Озлобится, вернется рецидивистом. Глядишь, в следующий раз придется за ним, как за зверем, следить с пистолетом в руке…
И ведь украл козу не за чем иным, как только накормить детишек. Большая семья… Но есть закон: украл — отвечай. И каждый должен исполнять свой долг…
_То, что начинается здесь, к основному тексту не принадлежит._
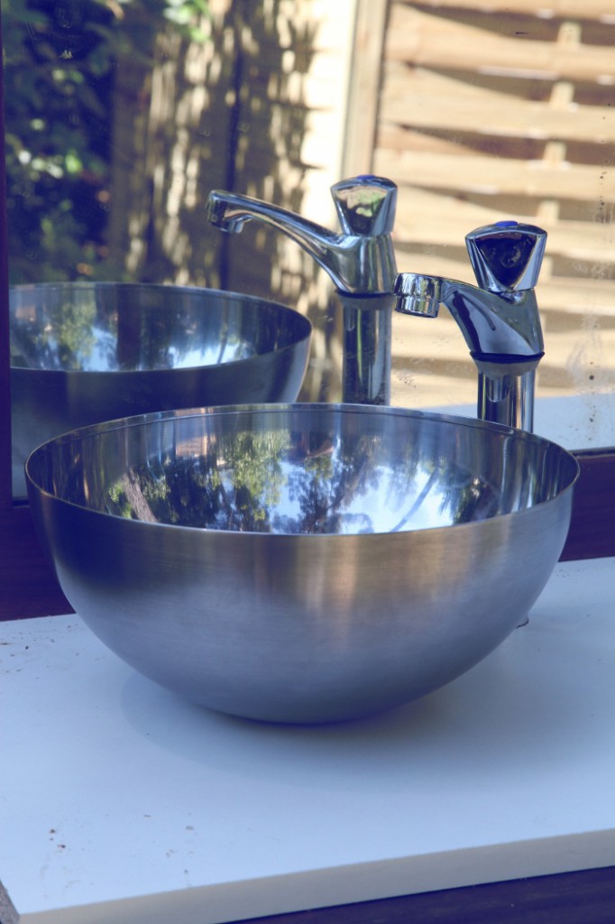 Les belles vasques coûtant la peau des fesses en magasin, nous avons triché en prenant des saladiers en inox de chez ikea que nous avons ensuite percés pour installer le vidage. Ni vu ni connu !!

— Если, допустим, поверить, что ты больше не будешь…- с сомнением начал Бурунц.
Норайр бегло взглянул на него, ответил быстро, привычно, без особой, впрочем, убежденности:
— Гад буду: не буду!
— Нет, ты, конечно, бу-удешь,- протянул Бурунц, подчеркивая усмешкой свое неверие и глубокое знание жизни.
…Конечно, будет воровать. Так сразу не бросит. Но вот — жил на свете солдат, отец этого мальчишки… Послали воевать, чтобы он победил или умер. И он умер. Победили мы уже без него… Так должен же кто-нибудь подумать о сыне погибшего солдата!
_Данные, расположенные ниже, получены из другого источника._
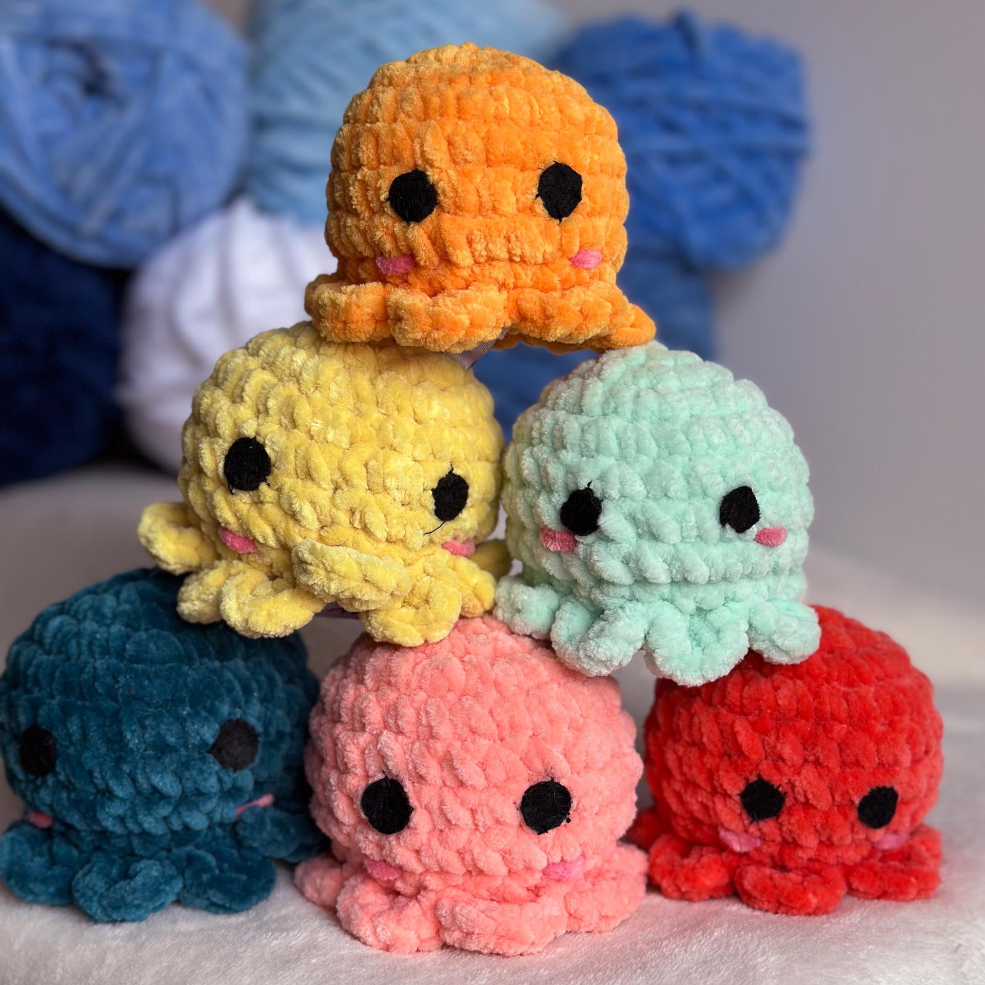 Une peluche poulpie douce et originale, avec ses minis tentacules et son regard adorablement espiègle. Idéale pour des câlins amusants ou pour ajouter une touche marine et colorée à votre décoration !

И какая-то более высокая ответственность, чем обязанности, возложенные уставом на сельского милиционера, заставила Степана Бурунца подняться на ноги. Он подошел к кучке своих трофеев — тех самых, из-за которых столько мучился, рискуя жизнью,- и точным ударом ноги сбросил вещественные улики обратно в пропасть.
Широко раскрыв черные глаза, к пропасти метнулся Норайр. Тут же отшатнулся и с недоумением посмотрел на участкового уполномоченного.
Бурунц тоже заглянул в пропасть и выговорил скорбно, по-детски складывая губы:
— Значок-то?… «Отличник милиции»…
Впрочем, Норайр его не понял.
Через полчаса, объявив кузнецу Саядяну, что розыски кончились неудачей, Бурунц вывел гнедого коня на пустынную дорогу. Было уже темно. Он взобрался в седло и послал гнедого шагом.
Странное ощущение, что он не один на дороге, что рядом еще кто-то есть, заставило его обернуться. В двух шагах позади, в темноте, скользила по дороге какая-то тень.
Бурунц чуть придержал коня:
— Что ж мы с козой-то будем делать, с пропажей? Коза принадлежала Амо Вартаняну…
Темнота ответила сиплым и презрительным голосом Норайра:
— Не обеднеет Амо Вартанян…
— Это ты брось! Узнаем стоимость пропажи. Ты вернешь деньги потерпевшему. Сам вернешь.
— Откуда возьму? — спросил Норайр помолчав.
— А ты у меня теперь станешь трудящимся! — строго пообещал Бурунц.
И, хлестнув коня, поскакал по дороге, которая серой полосой выступала из темноты.
2. Двадцать минут
Босой, выхваченный пронзительным телефонным звонком из теплой постели, Бурунц стоял у стены в темной комнате. Прижав к уху трубку, силился окончательно проснуться и понять, о чем говорит властный голос на другом конце провода.
— Что? Что? — все переспрашивал он.
— Бурунц, вы меня слышите? — вдруг отчетливо спросил далекий, но очень знакомый голос.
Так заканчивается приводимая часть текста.